**Raw data**
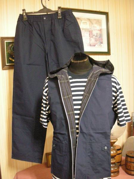 イージーカジュアルに最適 べステッドスーツ。スポーティッドフードデザインのベスト上下スーツ。 着やすい前ジップデザインの前あき仕様の個性的カジュアルスーツ。左右物が沢山入れられる大き目 こだわりデザインの両前ボタン付きポケット。マドラスチェック裏地のベストジャケット です。パンツは 紐付きで はき易い 伸縮ゴムウエストデザイン。  前に2個 そして バックに実用的ボタン留めバックポケット。穿きやすいパンツデザインです。 超実用的でもある便利 ベストパンツスーツ です。 個性的ラフ感覚な カジュアルべステッドスーツ です。生地は ネイビー色 の綿混地です。素材は 薄地っぽい しっかりした 涼しさを感じる 綿 35% ポリエステル 65% です。アーバンティ感覚のカジュアルスーツです サイズ(平置実測採寸)は 肩幅(ベストゆえ狭め) 40cm(表示 L) 着丈 60cm 身幅(脇下) 58cm 身幅(胴回) 55,5cm  紐付きゴムウエスト(実測) 74~94cm(表示 84~94cmの L ) 渡り幅 37cm 腿幅(股下10cmの所) 34,5cm 裾幅 24cm 前股上 29cm 股下(裾下より 2,5cmの所でミシンステッチ仕上) 79,5cm です。以上 Lサイズ 表示 です。 適応サイズ表示は 胸囲 96~104cm 胴囲 84~94cm 身長 175~185cm の表示ラベルです。そして、サイズ数値でお判りの様に ベストデザイン パンツも伸縮ウエストのフリーゆえ Mサイズ LLサイズ 着用の方もOKです。 勿論 新品です。念の為 測定数値をよく吟味して下さい。 尚 毎週木曜日は業務定休日です。ご連絡、ご発送とも木曜明けの金曜日にずれ込む事 ご了承下さい。よろしくお願い申し上げます。
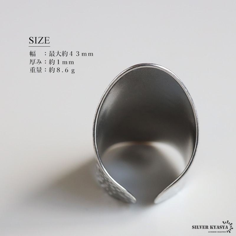 | | 幅:最大約43mm 厚み:約1mm 号数:15号(微調節可能) 重量:約8.6g |
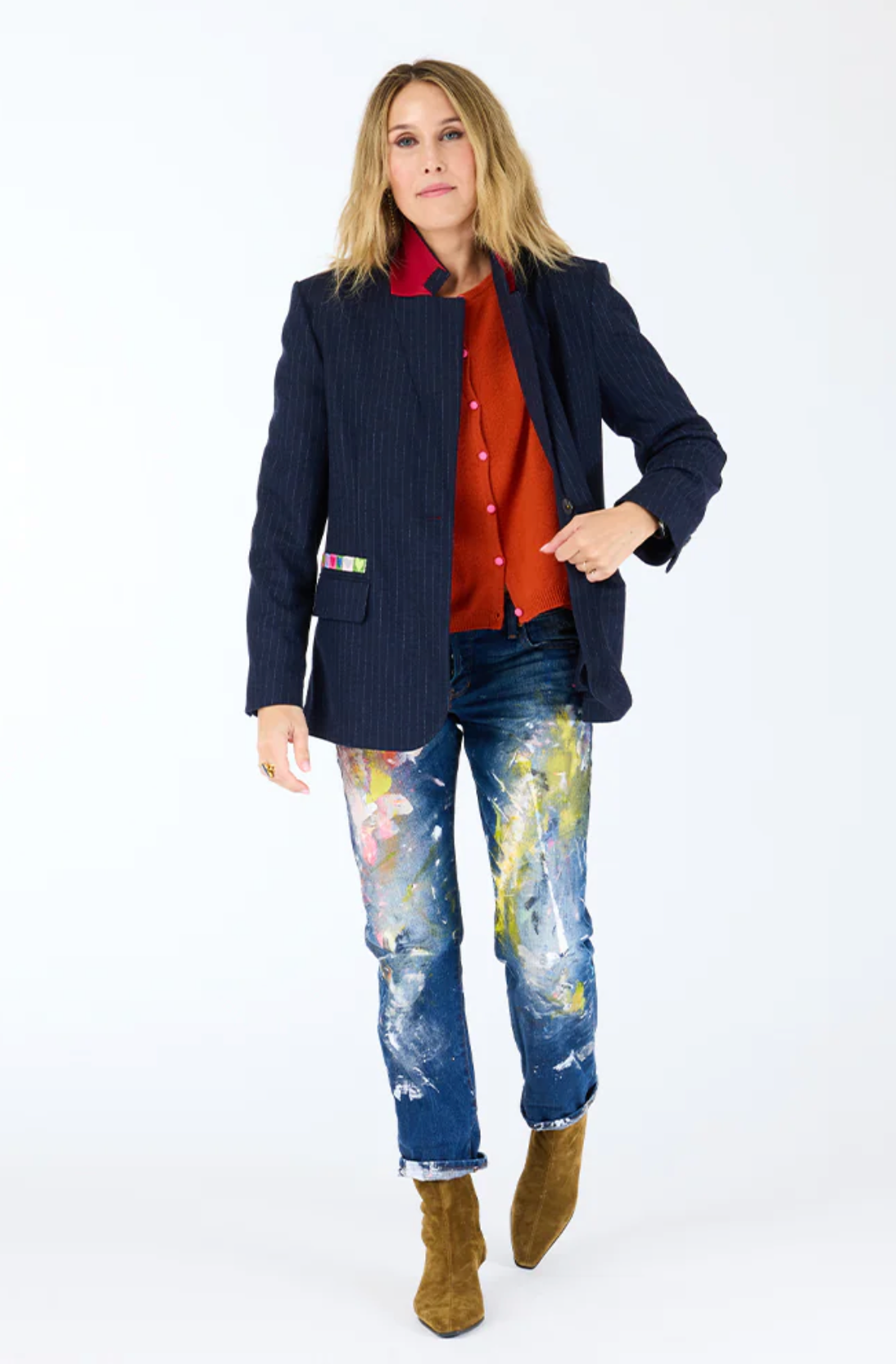 The Workday Love Brigade Blazer, in classic mens navy subtle pinstripe with Kerri's art details, making this one a show stopper. Love Brigade heart tapping on pockets and felting in unexpected colors under the collar, wear with you favorite jeans and your look is complete.

**What you are asked to do**
Each line of the data is to be duplicated exactly; pictures stay out of the copy.

**Written response**
 イージーカジュアルに最適 べステッドスーツ。スポーティッドフードデザインのベスト上下スーツ。 着やすい前ジップデザインの前あき仕様の個性的カジュアルスーツ。左右物が沢山入れられる大き目 こだわりデザインの両前ボタン付きポケット。マドラスチェック裏地のベストジャケット です。パンツは 紐付きで はき易い 伸縮ゴムウエストデザイン。  前に2個 そして バックに実用的ボタン留めバックポケット。穿きやすいパンツデザインです。 超実用的でもある便利 ベストパンツスーツ です。 個性的ラフ感覚な カジュアルべステッドスーツ です。生地は ネイビー色 の綿混地です。素材は 薄地っぽい しっかりした 涼しさを感じる 綿 35% ポリエステル 65% です。アーバンティ感覚のカジュアルスーツです サイズ(平置実測採寸)は 肩幅(ベストゆえ狭め) 40cm(表示 L) 着丈 60cm 身幅(脇下) 58cm 身幅(胴回) 55,5cm  紐付きゴムウエスト(実測) 74~94cm(表示 84~94cmの L ) 渡り幅 37cm 腿幅(股下10cmの所) 34,5cm 裾幅 24cm 前股上 29cm 股下(裾下より 2,5cmの所でミシンステッチ仕上) 79,5cm です。以上 Lサイズ 表示 です。 適応サイズ表示は 胸囲 96~104cm 胴囲 84~94cm 身長 175~185cm の表示ラベルです。そして、サイズ数値でお判りの様に ベストデザイン パンツも伸縮ウエストのフリーゆえ Mサイズ LLサイズ 着用の方もOKです。 勿論 新品です。念の為 測定数値をよく吟味して下さい。 尚 毎週木曜日は業務定休日です。ご連絡、ご発送とも木曜明けの金曜日にずれ込む事 ご了承下さい。よろしくお願い申し上げます。
 | | 幅:最大約43mm 厚み:約1mm 号数:15号(微調節可能) 重量:約8.6g |
 The Workday Love Brigade Blazer, in classic mens navy subtle pinstripe with Kerri's art details, making this one a show stopper. Love Brigade heart tapping on pockets and felting in unexpected colors under the collar, wear with you favorite jeans and your look is complete.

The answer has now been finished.